SAP HANA Text Analysis

Mining social media data for customer feedback is one of the greatest untapped opportunities for customer analysis in many organizations today.

As many are aware, twenty-first century corporations are facing a crisis. Many corporations have been accurately and comprehensively storing data for years. The data is in variety of forms like social media posts, email, blogs, news, feedback, tweets, business documents etc.

It is very important to extract meaningful information without having to read every single sentence. Now, what is meaningful information. The extraction process should identify the "who", "what", "where", "when" and "how much" (among other things) from these data.
For example, use social media data to find out -
  • What people are saying about my brand or products?
  • How many people recommend my brand vs. advocate against it?
Text Analysis is the solution of all this problem.
In this article we will explain:
  • What is Text Analysis?
  • Why Text Analysis is so important for business?
  • How does SAP HANA support text analysis?
Before understanding Text Analysis, you will have to first understand Structured Data and Unstructured Data.
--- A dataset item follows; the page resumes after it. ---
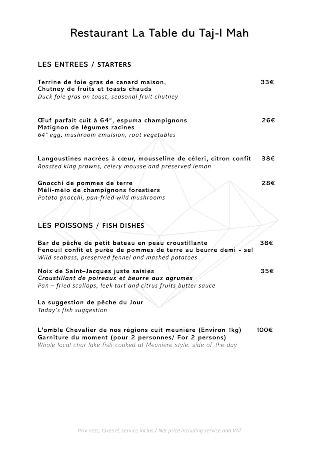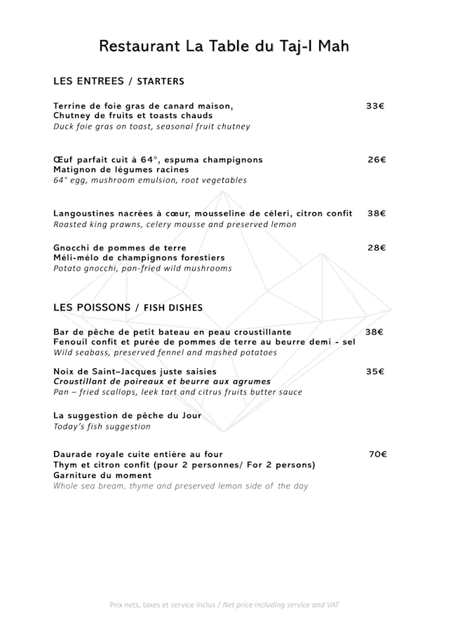 Retrouvez toute l'inspiration de notre chef autour des mets proposés à la table du Taj-I Mah. Une séléction de produit frais, préparés sur place par notre chef et ses équipes de cuisine.

Structured and Unstructured Data:

Structured Data:
Data that resides in a fixed field within a record or file is called structured data. This includes data contained in relational databases and spreadsheets .
For example data stored in database tables are structured data.
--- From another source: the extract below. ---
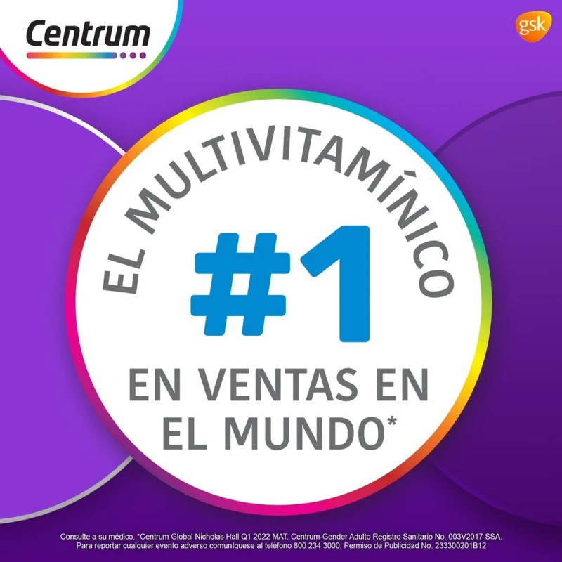 Frasco Multivitamnico Centrum Mujer con Vitamina C Vitamina E Calcio Hierro y Retinol 60 Tabletas Sin sabor
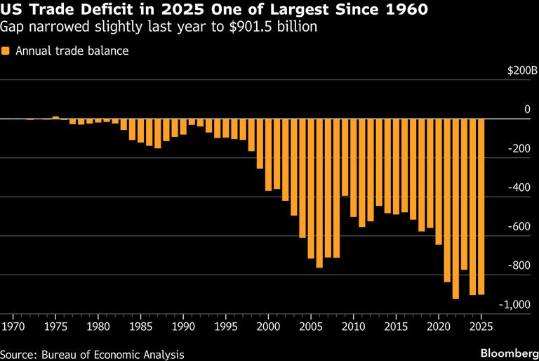 美国商务部周四表示,去年美国贸易逆差,也就是商品与服务进出口之间的差额,为9015亿美元,略低于2024年的9035亿美元。如此微小的变化表明,至少到目前为止,即便政策在一年内发生剧烈转向,美国作为“净进口大国”的角色仍未改变。

Structured data has the advantage of being easily entered, stored, queried and analyzed.


Unstructured Data:
The phrase "unstructured data" usually refers to information that doesn't reside in a traditional row-column database. 

Unstructured data files often include text and multimedia content. Examples include e-mail messages, word processing documents, videos, photos, audio files, presentations, webpages and many other kinds of business documents.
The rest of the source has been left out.